Nastech secures manufacturing contract for new needle free osteoporosis drug

By Kirsty Barnes

- Last updated on GMT

Nastech has secured a contract with Procter & Gamble (P&G)
to ramp up manufacturing capacity for a new needle-free drug to
beat osteoporosis, in anticipation of meeting expected global
demand once the product is approved.

Currently in Phase II trials, PTH1-34 contains a naturally occurring human parathyroid hormone (PTH), an important regulator of calcium and phosphorus metabolism, and promises easy and convenient delivery in the form of a nasal spray.

US biotech firm Nastech originally developed the spray and licensed it to P&G in February, in a worldwide development and commercialisation deal that could net Nastech up to $577m (€480m). Nastech has already received a $10m upfront payment and a $7m milestone payment and the latest manufacturing deal will provide further lifeblood to the budding company.

P&G hopes to submit a Food & Drug Administration (FDA) application for the PTH1-34 nasal spray in 2007 and receive approval in 2008 and as part of the new deal Nastech will be responsible for the chemistry, manufacturing and controls (CMC) sections of the FDA regulatory submission.

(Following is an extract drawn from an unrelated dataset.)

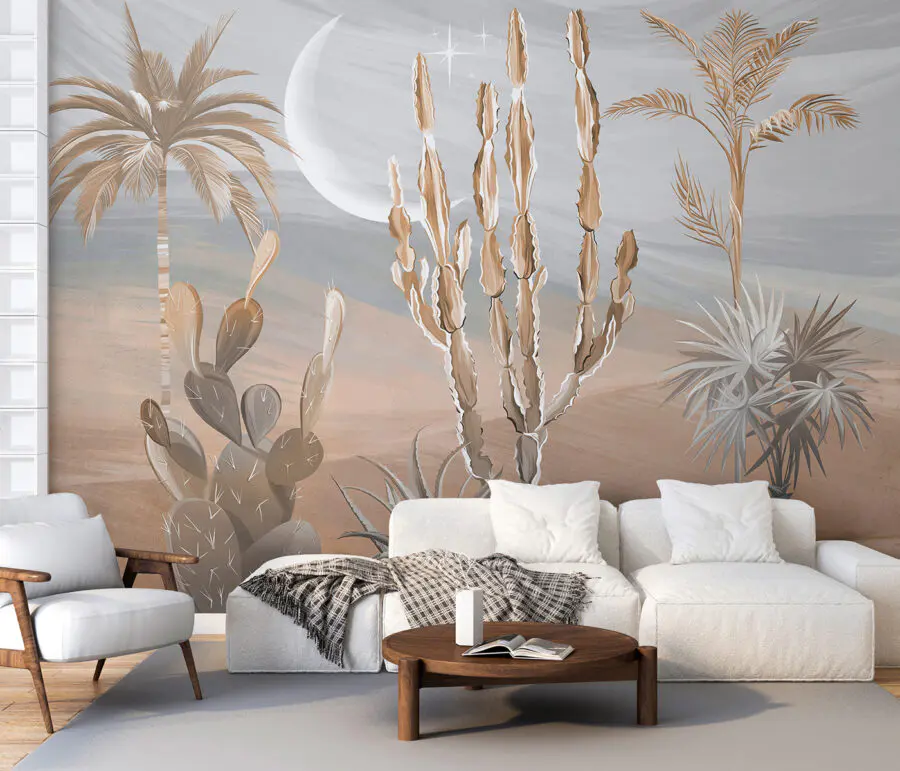 Fotótapéta Sivatagi táj kaktuszokkal és pálmafákkal

Once the drug is approved, Nastech will exclusively manufacture the spray from its facility in Hauppauge, New York, and will supply it to P&G at a transfer price that includes an undisclosed manufacturing profit.

"The supply agreement with P&G for PTH1-34 nasal spray attests to the value that our manufacturing and CMC capabilities add to the P&G collaboration as well as our other partnerships,"​ said Steven Quay, chairman, president and CEO of Nastech.

"P&G, a global leader in the osteoporosis pharmaceutical category, continues to demonstrate its ability and commitment to rapidly develop this innovative product."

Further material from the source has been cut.